Menurut Kepala Unit Penelitian dan Pembangunan Kementerian Kehutanan (Kemenhut) Tachir Fathoni, sejak menjadi tuan rumah konferensi internasional perubahan iklim di Bali pada 2007, Indonesia telah melancarkan berbagai upaya untuk mengatasi perubahan iklim dan mengurangi emisi gas rumah kaca.

Salah satu upaya tersebut, katanya, yakni persiapan penerapan skema penurunan emisi dari deforestasi dan degradasi hutan atau yang dikenal dengan REDD+.

Dengan strategi nasional REDD+, katanya, Indonesia tidak hanya berfokus pada penurunan kerusakan hutan, tetapi juga menekankan peran konservasi, pengelolaan hutan secara lestari serta peningkatan stok karbon hutan.

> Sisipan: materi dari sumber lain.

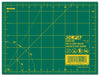6" x 8" green self-healing professional quality rotary mat especially designed for use with OLFA rotary cutters. Convenient size for taking along. Double-sided with yellow guidelines on one side, solid on opposite for general cutting. Rotary mats protect your work area and greatly extend the life of your rotary blades. 1.5mm thick for a variety of applications. Store flat and out of direct sunlight.
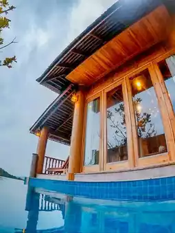 A luxurious beachfront retreat with a peaceful atmosphere, surrounded by private nature, and a million-dollar view. You can see both the ocean and the sunrise from the accommodation. 🌅
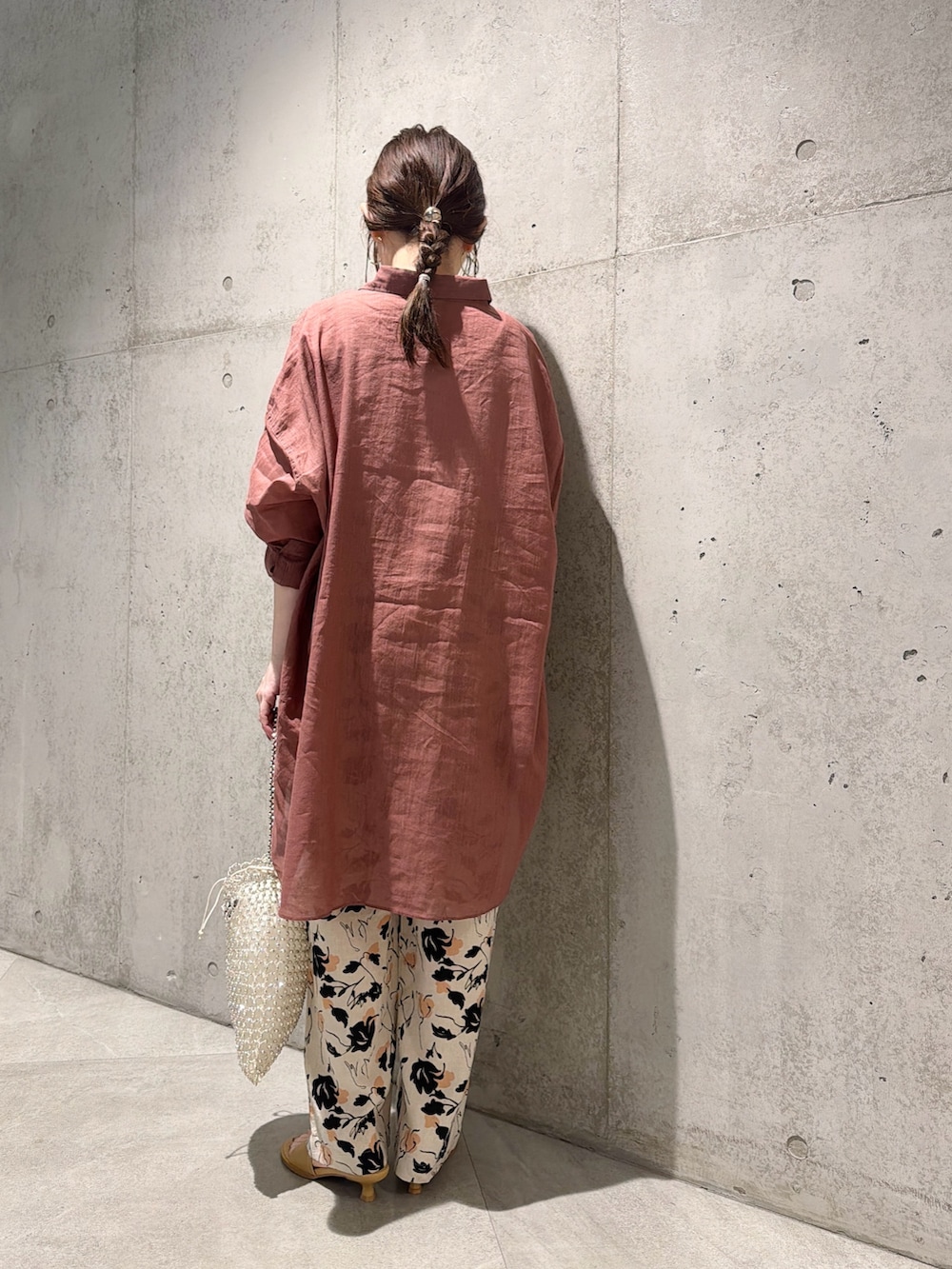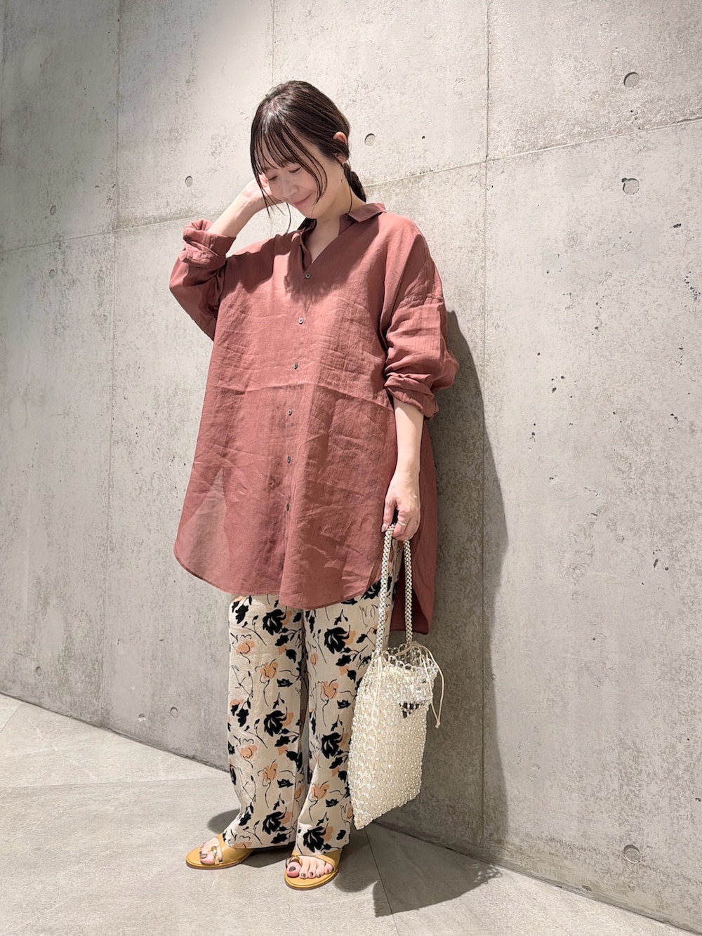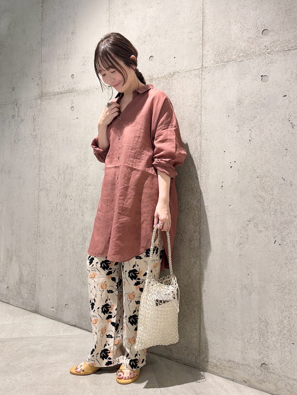 今回は、フラワープリントが大人な印象のイージーパンツと合わせた、カジュアルコーディネート。
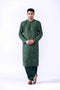 Self Embroidered karandi over sized short-length cotton Karandi kurta paired with Korean raw silk pants .
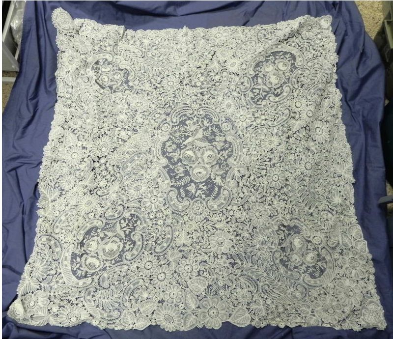Comments: Sellers are really digging themselves into a hole with the description of this one. Let’s just call it Brussels Duchesse. A real wild flower garden of a piece, looks very tossed together with some symmetry elements, but not entirely consistent throughout. Looks somewhat deliberate, but a puzzle. A little damage to some of the needlelace, but overall in good condition.
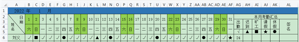 休假【=COUNTIF(F6:AJ6,”●”)】
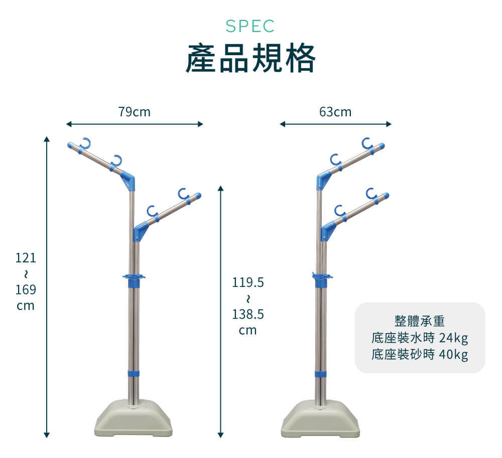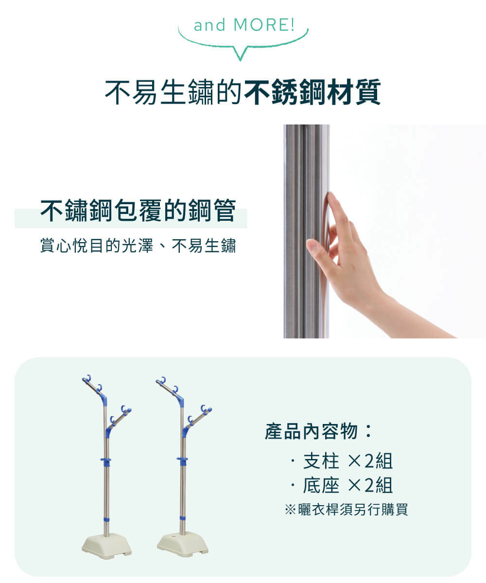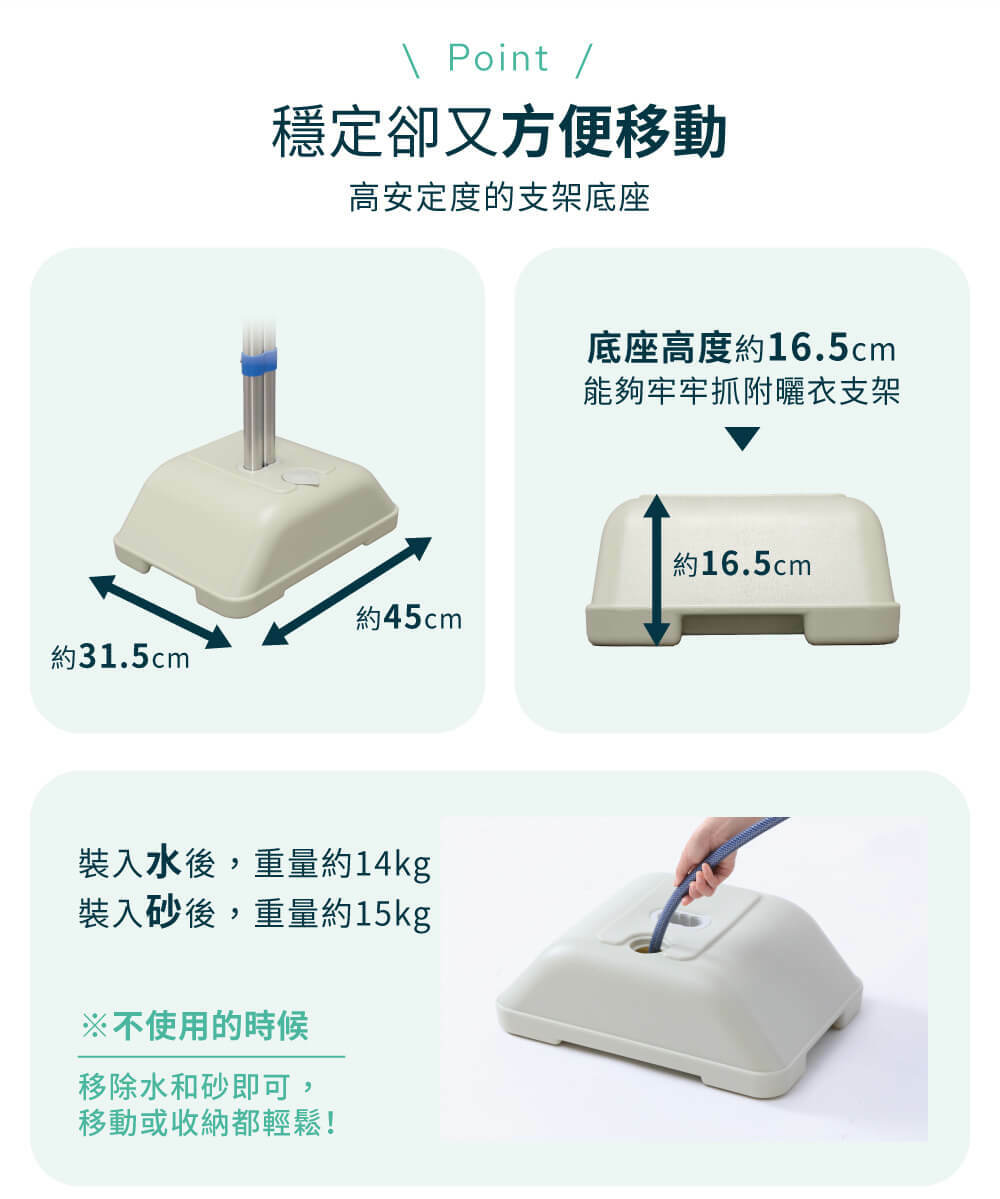 • 抗鏽耐刮不鏽鋼曬衣直立桿、注水/沙底座台,一套兩組的曬衣組合。

"Negara maju dapat membayar sejumlah uang kepada negara berkembang untuk menerapkan berbagai kebijakan dan proyek untuk menghentikan kerusakan hutan. Proses ini selain membantu melindungi lingkungan, juga dapat mengurangi pemanasan global dan menjadikan pelestarian hutan dan lahan gambut sebagai sumber pendapatan berkelanjutan," katanya.

Menurut dia, kerja sama dengan Bank Dunia ini bertujuan memberikan kontribusi pada pembangunan kapasitas Indonesia dalam merancang strategi nasional REDD plus.

"Dananya nanti dialokasikan untuk persiapan, menyusun metodologi, menyusun penelitian, dan kegiatan yang dipakai dalam rangka program REDD plus ini," tegasnya.